(Items from a dataset)

★ ★ ★ ★

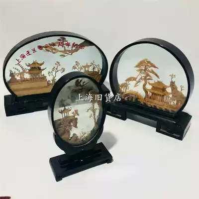 80s old wood carving, Crane landscape, pavilion, lifelike desk decoration collection
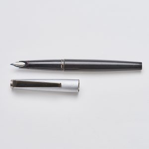 MONTBLANC «Caresa 422». Cuerpo en resina negra y capuchón en acero matizado, c.1980. Sistema de carga por cartucho.
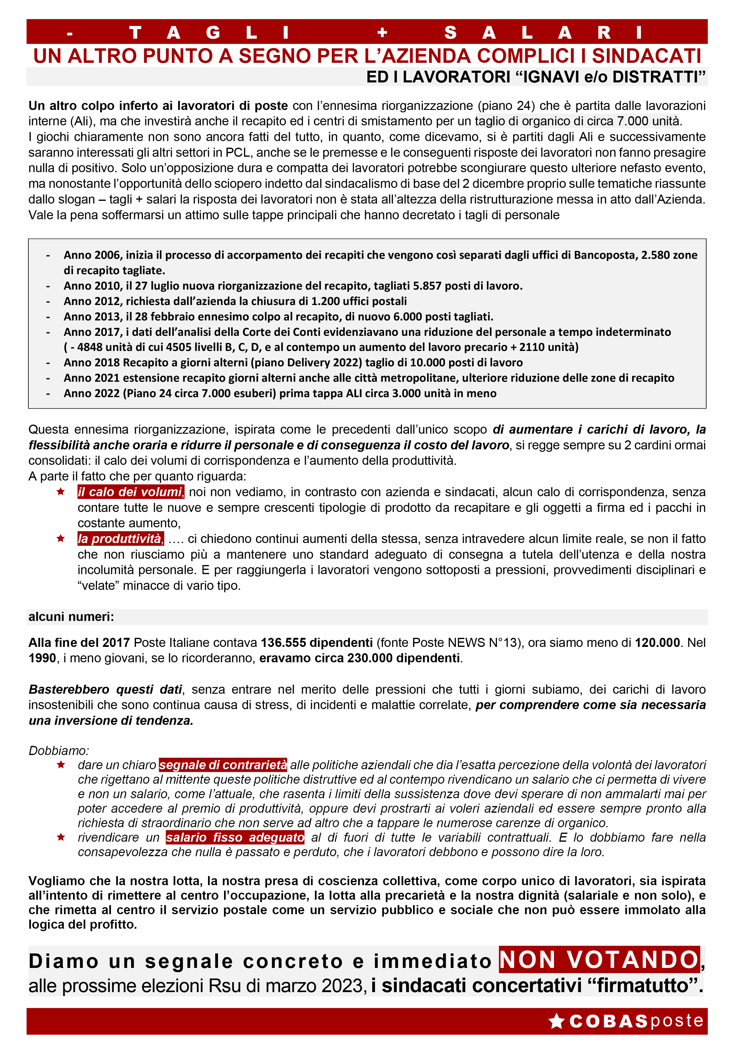 Sia al recapito che alla sportelleria poste procede da anni al taglio sistematico del personale necessario all’aumento dei ricavi per manager ed azionisti con conseguente aumento dei carichi di lavoro, delle responsabilità, delle pressioni da parte di ram e filiali, dei rischi legati alla salute e sicurezza.
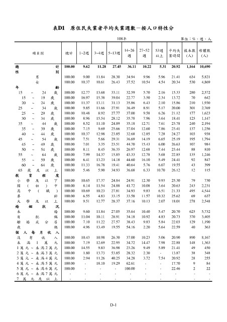 沒 有 收 入 100.00 10.43 10.98 26.30 37.00 10.23 5.06 20.90 890 8,167
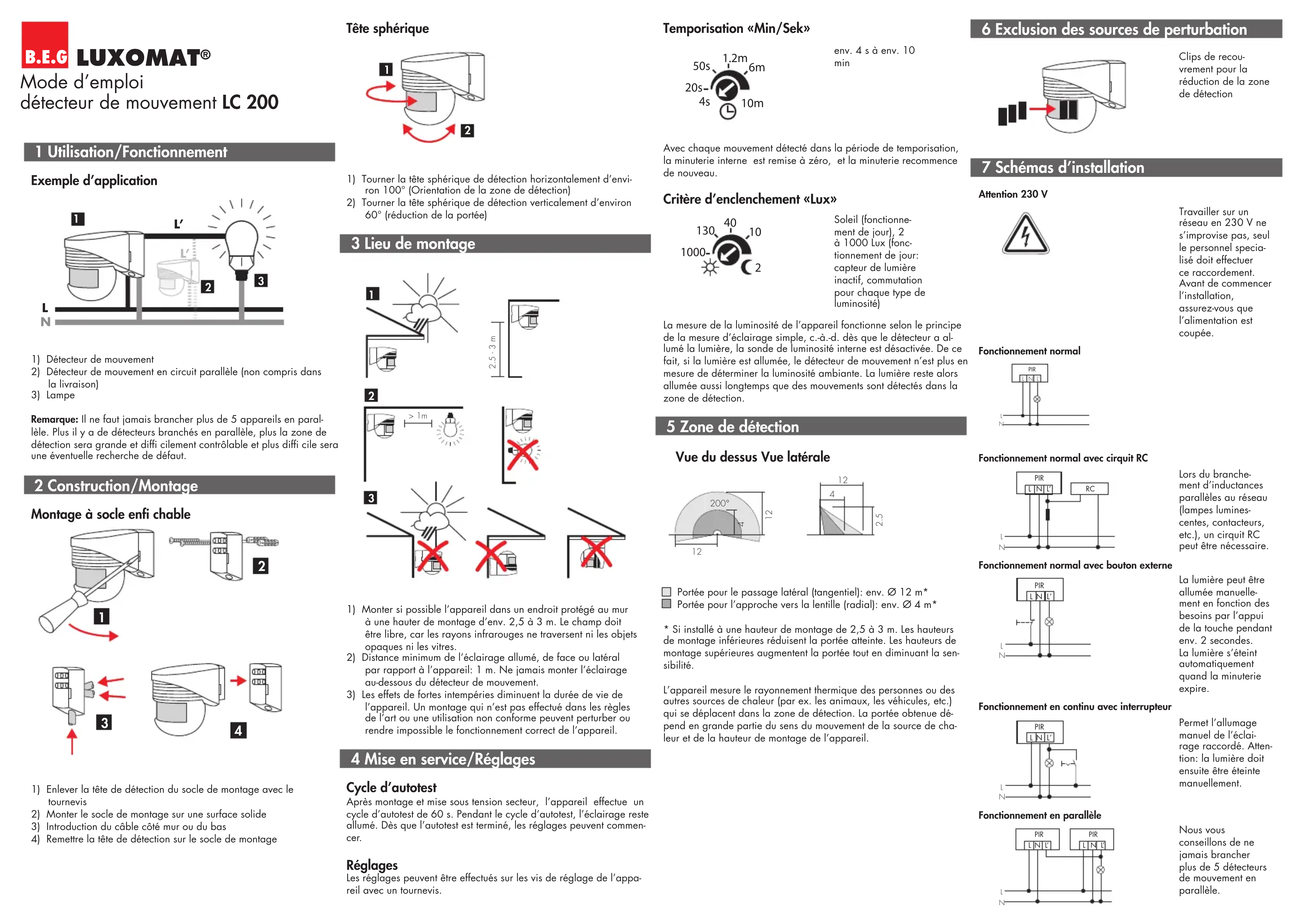 Luxomat LC 200 - Détecteur de mouvements B.E.G. - Notice d'utilisation et mode d'emploi gratuit
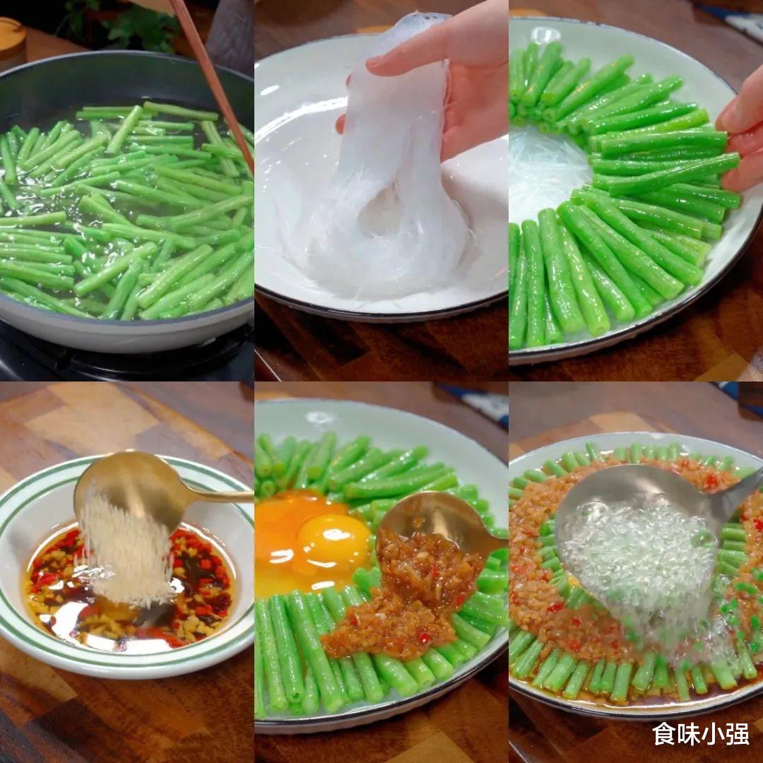 2.盘底铺上泡好的粉丝,整齐地摆上豆角,中间打入一个鸡蛋蛋。

★ ★ ★ ★

• Problem: Please print out the entries above exactly. The pictures stay out.

• Task response:
 80s old wood carving, Crane landscape, pavilion, lifelike desk decoration collection
 MONTBLANC «Caresa 422». Cuerpo en resina negra y capuchón en acero matizado, c.1980. Sistema de carga por cartucho.
 Sia al recapito che alla sportelleria poste procede da anni al taglio sistematico del personale necessario all’aumento dei ricavi per manager ed azionisti con conseguente aumento dei carichi di lavoro, delle responsabilità, delle pressioni da parte di ram e filiali, dei rischi legati alla salute e sicurezza.
 沒 有 收 入 100.00 10.43 10.98 26.30 37.00 10.23 5.06 20.90 890 8,167
 Luxomat LC 200 - Détecteur de mouvements B.E.G. - Notice d'utilisation et mode d'emploi gratuit
 2.盘底铺上泡好的粉丝,整齐地摆上豆角,中间打入一个鸡蛋蛋。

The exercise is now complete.